其他分享
首页 > 其他分享> > MA705 Fall 2019

MA705 Fall 2019

作者:互联网


Project 3 Assignment
MA705 Fall 2019
Date Assigned: Mon, 18 Nov, 2019
One of my friends (Tim Carter, no relation to me) is the president of Second Nature (https://secondnature.org/), a Cambridge-based non-profit organization that works with colleges and universities to facilitate positive climate action. More information about their goals is available from their website, such as https://secondnature.org/mission/.
They collect data from “signatories,” schools who have chosen to join their program and voluntarily state climate action goals and report their progress toward those goals.
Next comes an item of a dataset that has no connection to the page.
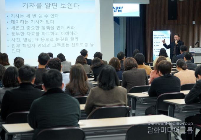 특히 김 기자는 기자들이 기사 작성 과정에서 중요하게 보는 요소로 구체적인 통계자료 제시와 간결한 문장 구성, 명확한 핵심 메시지 전달 등을 강조하며 보도자료의 기본 구성과 제목 작성 방법, 독자가 이해하기 쉬운 표현 방식 등을 사례 중심으로 설명해 참석자들의 큰 호응을 얻었다.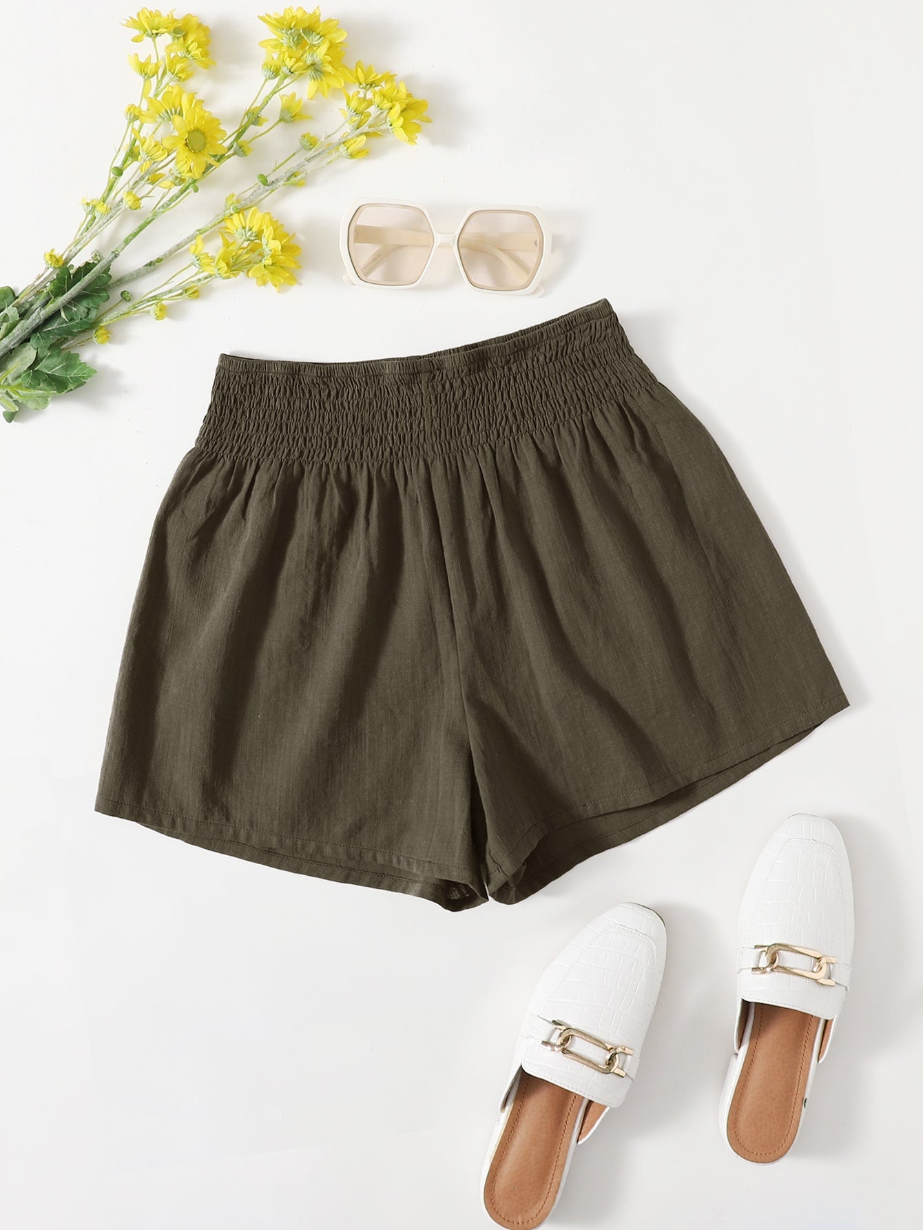 Boho Plain Shirred High Waist Women Shorts

You can browse the data online at http://reporting.secondnature.org/ but it is not possible to download the full dataset from there; Second Nature has been kind enough to provide it to us in Excel form, and you can download it in that form from our Blackboard site.
Our class has been asked by Dr. Tim Carter of Second Nature to consider their dataset and tell them any insights that we find in it that help them further their mission.
Unlike previous assignments, this is not an imaginary scenario. Second Nature will appreciate any insights we share and may use them to impact the planet positively.
Second Nature has not had analytics done on their data regularly. The last time was by a firm called Fovea (https://www.foveaservices.com/) in late 2017. You can see the report of that analysis in the following webinar, from about 8:15 to 38:30. While Fovea provided important insights, I do not share this webinar to suggest that you should do a similar analysis. Rather, it can provide context and be an example of what helpful, goal-oriented, professional analytics looks like. The first 8:15 of the video are also helpful for context.
https://secondnature.org/webinars/analyzing-climate-leadership-network-progress/

Recall that this project is to be done individually. Students should not share work with one another, nor represent anyone else’s work as their own. If you’re uncertain what’s allowed, ask me and/or refer to the Bentley academic integrity policy. If you’re uncertain as to whether you need to cite an external source, I’m glad to discuss such issues with you to help you make the correct choice.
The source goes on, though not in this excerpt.